● **To do**:
Images should not appear in the copy, yet every line of the listing below must be printed exactly.

● **Recorded information**:
.....

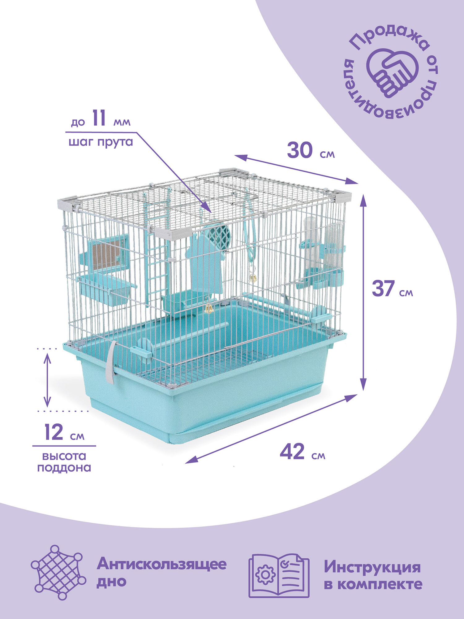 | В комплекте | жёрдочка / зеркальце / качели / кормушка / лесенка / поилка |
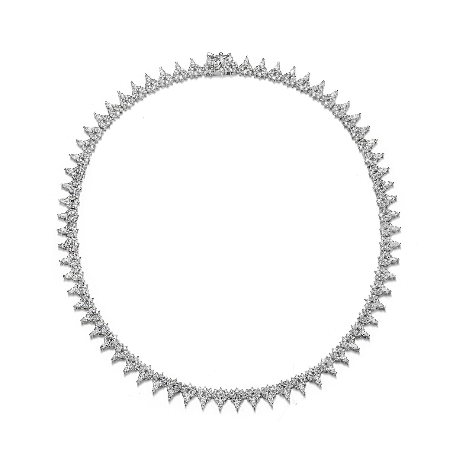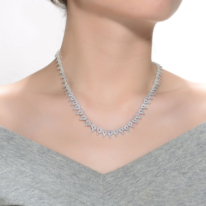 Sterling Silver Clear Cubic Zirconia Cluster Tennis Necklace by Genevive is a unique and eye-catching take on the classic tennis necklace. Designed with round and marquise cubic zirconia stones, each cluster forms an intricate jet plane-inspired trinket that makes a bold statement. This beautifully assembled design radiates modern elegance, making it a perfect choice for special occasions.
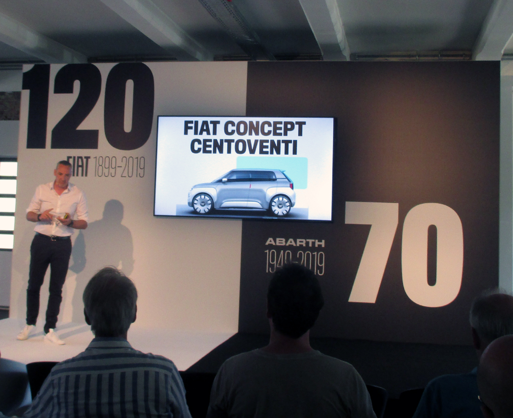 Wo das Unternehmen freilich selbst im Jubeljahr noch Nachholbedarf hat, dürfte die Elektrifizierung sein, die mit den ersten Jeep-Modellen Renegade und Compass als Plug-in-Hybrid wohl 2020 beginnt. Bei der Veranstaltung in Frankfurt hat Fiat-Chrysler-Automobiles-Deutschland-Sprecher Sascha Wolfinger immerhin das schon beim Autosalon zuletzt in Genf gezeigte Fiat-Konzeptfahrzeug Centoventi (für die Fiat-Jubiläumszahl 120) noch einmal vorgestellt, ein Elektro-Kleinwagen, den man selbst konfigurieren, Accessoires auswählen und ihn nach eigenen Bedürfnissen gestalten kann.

.....

● **Result**:
 | В комплекте | жёрдочка / зеркальце / качели / кормушка / лесенка / поилка |
 Sterling Silver Clear Cubic Zirconia Cluster Tennis Necklace by Genevive is a unique and eye-catching take on the classic tennis necklace. Designed with round and marquise cubic zirconia stones, each cluster forms an intricate jet plane-inspired trinket that makes a bold statement. This beautifully assembled design radiates modern elegance, making it a perfect choice for special occasions.
 Wo das Unternehmen freilich selbst im Jubeljahr noch Nachholbedarf hat, dürfte die Elektrifizierung sein, die mit den ersten Jeep-Modellen Renegade und Compass als Plug-in-Hybrid wohl 2020 beginnt. Bei der Veranstaltung in Frankfurt hat Fiat-Chrysler-Automobiles-Deutschland-Sprecher Sascha Wolfinger immerhin das schon beim Autosalon zuletzt in Genf gezeigte Fiat-Konzeptfahrzeug Centoventi (für die Fiat-Jubiläumszahl 120) noch einmal vorgestellt, ein Elektro-Kleinwagen, den man selbst konfigurieren, Accessoires auswählen und ihn nach eigenen Bedürfnissen gestalten kann.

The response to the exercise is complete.